Human Differentiation in Contact Zones of Support

Categorical distinctions such as race, class, gender, sexuality, religion, or nationality contribute to the production and stabilisation of social inequalities in specific ways and combinations.

Information meeting concerning occupations in South Africa in a house occupied by the MTST (Movimento dos Trabalhadores sem Teto) in São Paulo. Foto: E. Reichl

This project focuses on politically heterogeneous collectives that refer to human differentiation in their everyday practices of solidarity and redistribution to negotiate issues of social justice.

The two sub-studies of the project have been carried out in urban centres in Portugal and Brazil since 2022, with two researching doctoral students, Elena Hernández and Elena Reichl, integrating their participant observations into different ‘contact zones of support’. While taking part in, for instance, Christian soup kitchens, the activist struggle against gentrification, or land occupation by social movements, they investigate which (de)differentiations appear in the everyday practices of these collectives in what form and intensity.

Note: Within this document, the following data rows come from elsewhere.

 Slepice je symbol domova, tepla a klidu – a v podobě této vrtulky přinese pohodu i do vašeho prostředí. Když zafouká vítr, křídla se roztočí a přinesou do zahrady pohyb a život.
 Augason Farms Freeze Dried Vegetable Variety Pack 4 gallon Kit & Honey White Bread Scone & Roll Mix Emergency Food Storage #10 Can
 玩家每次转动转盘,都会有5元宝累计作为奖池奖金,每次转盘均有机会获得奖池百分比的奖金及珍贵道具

The project title ‘Sorting with Care: Human Differentiation in Contact Zones of Support’ thus refers to different dimensions of care: While these collectives intend to take care of people who are categorised as ‘disadvantaged’ or ‘vulnerable’, distinguishing and classifying terms and practices are perceived as politically sensitive within these contact zones, which is why they require ‘careful’ handling. In addition, categorical differences can be negated or blurred with the aim of creating networks internally, while at the same time the external demarcation, e.g., towards an outside collective deemed ‘different’ or ‘hostile’, is fixed.

Occupation of land by the social movement Movimento des Trabalhadores sem Teto in Santo André, São Paulo. Foto: E. Reichl.

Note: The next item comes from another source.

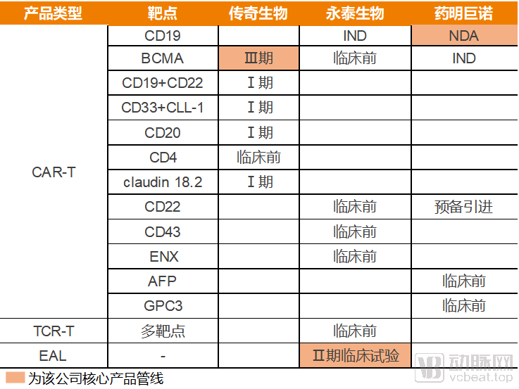 目前已经上市的三家企业,管线分布明显比较分散,靶点重叠的产品,只有CD19、BCMA和CD22三个。
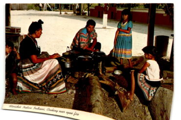 This postcard features a photograph of Florida’s Native Indians, specifically the Miccosukee and Seminole tribes, cooking over an open fire in the Florida Everglades. The…

How do we work? In order to capture both the consolidation and sedimentation and the ambiguities, negations, and subversions of human differentiation, we concentrate on several levels of action: First, on the respective contemporary-historical formation of need-related categories, including in interaction with postcolonial social policies and bureaucratic classifications. Second, on the (self-)classification of those providing support, possibly through the differentiation from other groups, and in interaction with political trends and current crisis discourses. Third, on the foreign classification of the recipients of support, for example in everyday interactions in which the right to care is perceived and classified not only on the grounds of an intersectional interplay of income, citizenship, racialisation, dimensions of im/mobility, housing type, family constellation, gender, or physical skills, but also based on performative and affective markers such as conformism, vulnerability, willingness to perform, or gratitude.